Kremlin Spokesperson Speaks Out After Notorious General Killed In Moscow Bomb Attack

Igor Kirillov is the highest-ranking Russian officer to be killed in the Ukraine war so far.
Major General Igor Kirillov, the chief of the Russian military's radiation, chemical and biological protection unit, was killed overnight.
Major General Igor Kirillov, the chief of the Russian military's radiation, chemical and biological protection unit, was killed overnight.
via Associated Press

A Kremlin spokesperson piled praise on the senior Russian general Igor Kirillov after he was killed on Tuesday morning.

He – and his aide – died after a device with the equivalent explosive force of 300g of TNT hidden in a scooter exploded in a south-east Moscow residential block.

It was activated remotely, according to Russian reports, and had not been detected in a sweep from bomb experts and specialist dogs beforehand.

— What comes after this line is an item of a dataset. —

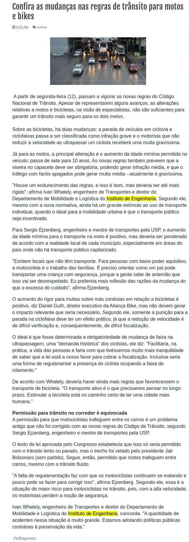 Esta é a sala de imprensa do Instituto de Engenharia. Aqui você encontra press releases sobre as novidades da marca, além dos principais resultados em veículos de comunicação e canais de influenciadores conquistados pela equipe de assessoria de imprensa da Trama Comunicação.
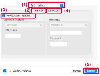MacOS 13:ssa ja macOS 14:ssa, [Työn hallinta] löytyy ”Tulostinvaihtoehdot”-valikosta.

As the head of Nuclear, Biological and Chemical Defence Forces, Kirillov was a notorious figure, sanctioned by the UK government and known as a war criminal in Ukraine.

But, in a statement on Telegram, the representative for the Russian foreign ministry, Maria Zakharova, unsurprisingly put a positive spin on his past.

She said he had worked “systematically exposing the crimes of Anglo-Saxons for many years”.

She said: “He worked fearlessly. He did not hide behind people’s backs.

“He met problems head on. For the Motherland, for the truth. Bright be his memory, may he rest in peace.”

According to Reuters and AFP news agency, Ukrainian sources say Kyiv was responsible for the high-ranking general’s death on Tuesday.

They say he was a “legitimate target” and a war criminal.

His death came hours after Ukraine’s SBU security force charged him for a war crime in absentia.

The force said he was responsible for the “mass use of banned chemical weapons” – which goes against international law.

Ukraine says Russia used the chemical weaponry more than 4,800 times under Kirillov’s leadership, a claim Russia denies.

The UK sanctioned Kirillov in October for acting as a “significant mouthpiece for Kremlin disinformation” and for helping to deploy “barbaric weapons”.

He faced an assets freeze and travel ban as a result.

The US also claimed Russia has deployed banned chemical weapons against Ukraine, and used choking agent chloropicrin, used in World War One, for “battlefield gains” over Ukraine.

According to Kyiv, Russia has put more than 2,000 of Ukrainian troops in hospital for chemical poisoning over the war, and three have died. The Kremlin claims these are “baseless” accusations.

Since 2022, Kirillov has repeatedly claimed without evidence that Kyiv is working on a “dirty bomb” – meaning it could spread nuclear material – and that Ukraine wanted to blame Russia for it.

He also claimed the UK was involved in the poisoning of the former Russian spy, Sergei Skripal in Salisbury, in 2018.

The UK has since said Russian president Vladimir Putin was to blame for the attack.

Kirillov also alleged the US was going to provide biological weapons to Ukraine and that would include targeting Russian troops with malaria infected mosquitos.